Te Puia Kupe Sites Exhibition
Landmarks of a great voyager.
Kupe Sites, an exhibition – developed and toured by the Museum of New Zealand Te Papa Tongarewa (Te Papa) – opens in Te Puia’s Ngā Waru Pū Manawa Gallery on Thursday 9 April, 2009. It is the first time that this historically and culturally significant exhibition has been shown outside of the traditional museum setting, which recognises the role of Te Puia in preserving and showcasing the nation’s cultural heritage.
Kupe Sites celebrates a great Polynesian voyager’s connections with New Zealand. Kupe is regarded by many iwi (tribes) as one of the ancestors who discovered this country.Kupe Sites explores the stories of Kupe’s encounter with New Zealand through names of various landmarks and places including the name ‘Aotearoa’.
Some iwi tell the story of Kupe setting out from his homeland Hawaiki in pursuit of Te Wheke-a-Muturangi, a giant octopus. Others recount how Kupe, in love with his nephew’s wife, took her husband fishing, left him out at sea to drown, then fled from the family’s vengeance.
Whether he was the pursuer or the pursued, Kupe and his stories are of immense importance to the many iwi who trace their whakapapa (genealogy) back through him. While the stories vary, they all celebrate a remarkable voyager who settled a new land and charted a route through the Pacific for later navigators to follow.
Kupe Sites presents these stories through photographs of places and video recordings of kuia and kaumātua from four areas that have strong traditions of links to Kupe – Northland, Wairarapa, the Wellington region, and the top of the South Island.
Kupe Sites offers visitors a unique encounter with New Zealand’s past and reveals the significance of landscape and memory in portraying a key figure in the country’s history.
To complement Kupe Sites, Te Puia has developed another section that looks at the arrival of Te Arawa waka and the subsequent journey of Ngatoroirangi, the tohunga or spiritual expert aboard the waka. The tradition of Ngatoroirangi maps the geothermal system between Whakaari (White Island and the mountains of the central plateau, particularly Mount Tongariro.

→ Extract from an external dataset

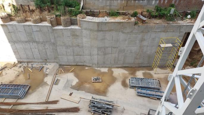 - Паркинг - Завершено бетонирование ростверка. Проходит устройство деревянной забора – готовность 25%. Завершено бетонирование подготовки рабочего шва и отсека 5 рабочего шва. Завершена разработка котлована и грунта ростверка.
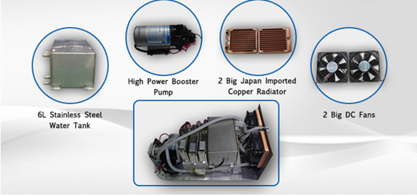 Water cooling: 6L big stainless steel water tank with a powerful booster pump, rather than magnetic pump,which is more powerful to guarantee perfect circulation of water.

The last section of the gallery is a memorial space or wahi maumahara. This space will comprise images of the Valley’s world famous guides amongst others, celebrating Te Puia’s living legacy and relationship to the land. Te Puia Chief Executive Te Taru White said, ‘the redevelopment of this Gallery is a unique opportunity for Te Puia to partner with another National institution while acknowledging the rich history of this region and the significance of the people of the Whakarewarewa Valley’.